When a job opened in the University of Manchester in 2007, she took the opportunity with both hands. Her interest in the everyday developed into a fascination with the lesser-heard in history as her writing began to focus on women in ancient Egypt.

“When you’re looking at these times in history, I think the problem is that a lot of archaeology has been uncovered and discussed and put into print. It can kind of set it in stone, blind people,” she said.

“150 years ago, people had their own assumptions and so on. And it’s quite important that we try and free ourselves from that – we use their books as resources for what we’ve found, but we don’t necessarily have to follow how they thought about things.

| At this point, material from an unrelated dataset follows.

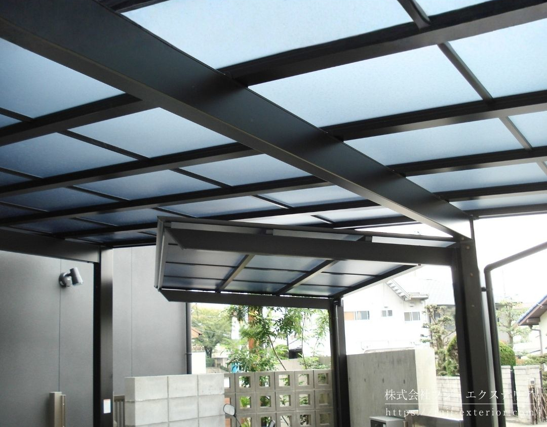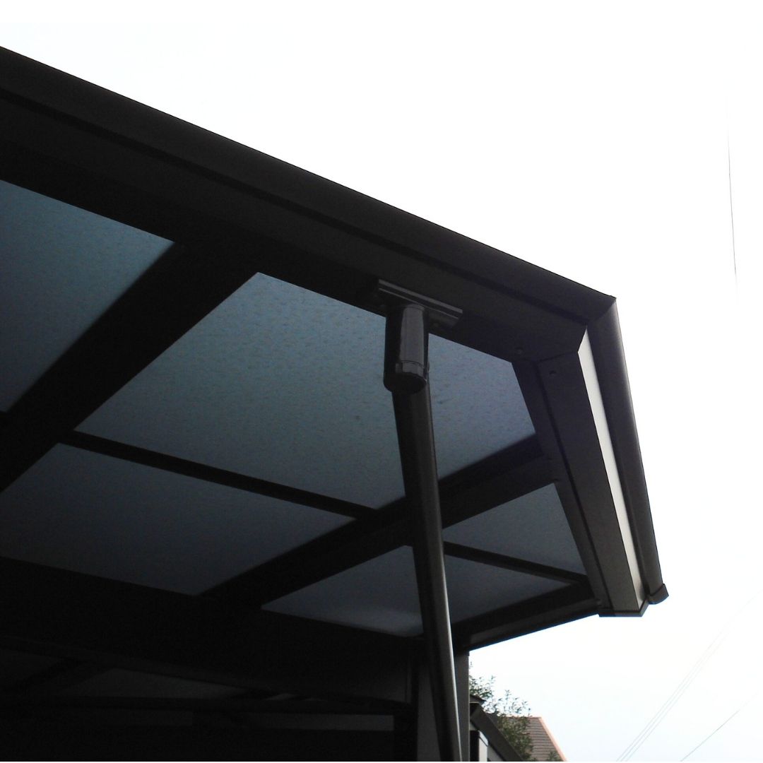 カーポート屋根の越境部分はカット加工し、ミニタイプと組み合わせて、敷地を最大限に屋根掛けしました。家との隙間には雨が入り込まないようにスリムアートでカバー。

“Women tend to be excluded from big chunks of history. There’s a lot of men who are excluded as well – but there’s very few people who actually feature in history from beginning to end, aren’t there?”

Joyce Tyldesley, a white woman with long grey hair and a fringe, grins into the camera while leaning across a table. In front of her on either side are two statue busts. On the left of the image is a smaller head with tan skin and no hair. On the right of the image is the bust of Nefertiti, with tan skin, a large turquoise hat adorned with gold, and strings of necklaces.
Joyce Tyldesley in Bolton Museum | Credit: Steven Snape

Distance-teaching

Alongside her work on Egyptology, Joyce has also been considered a long-time pioneer of distance teaching research – almost a decade before the Covid-19 pandemic forced the nation into lockdown.

“When we started, very few people were doing it – the internet wasn’t full of resources like it is now, and people were very hesitant,” she said. “We couldn’t find much written about it at the time because it was such a [newly-emerging] subject.

“A lot of people are interested now, post-Covid, because it was such a big thing. But back then, it was obviously more niche. We thought it was going to take off – and then Covid came along and now everybody knows about distance learning.

“I teach almost everything online, and my online students tend to come from very different backgrounds – I’ve had students as young as 14 enrol in the courses, but I’ve had students as old as 80 as well.

“We have such interesting discussions because there are so many people able to contribute something different. For me, every time I teach and do the same courses every year, I learn more and more about it – my eyes are open to possibilities even more, which is what learning should be.

“I’m a very different Egyptologist now than I was when I started. And I think that’s great.”

Joyce Tyldesley, a white woman with long grey hair and a fringe, is smiling mid-speech while on a Zoom call. She sits in a white room with a cabinet behind her, piled with books on the top.
Joyce Tyldesley being interviewed via Zoom | Credit: Leslie Kerwin

Plans for the future

Going forward, Joyce plans to continue teaching and researching, both in Egyptology and in a more recent research project with an ex-student – the use of meteorite iron in ancient Egypt.

 “We had to let [the project] lapse for a little bit, but it seems to be gathering speed again,” she said. “It’s an absolutely fascinating subject – and I got to actually handle a meteorite!”

Alongside her research, she is also working on a new book, which will return to some of her first work on women in ancient Egypt.

“It’s almost like a revisit, but I’m looking at it in a very different way – I’m looking at these studies of women and using those as sort of starting points.

“I wrote my first book a very long time ago: everything’s moved on, I’ve moved on, the subject has moved on, access to resources has moved on.

“I thought now would be the time to do this, and I’m really enjoying it,” she said. “Our understanding of the past and diversity has had excellent improvements, and I’m hoping to try and reflect some of that. That’s what I really want to do.”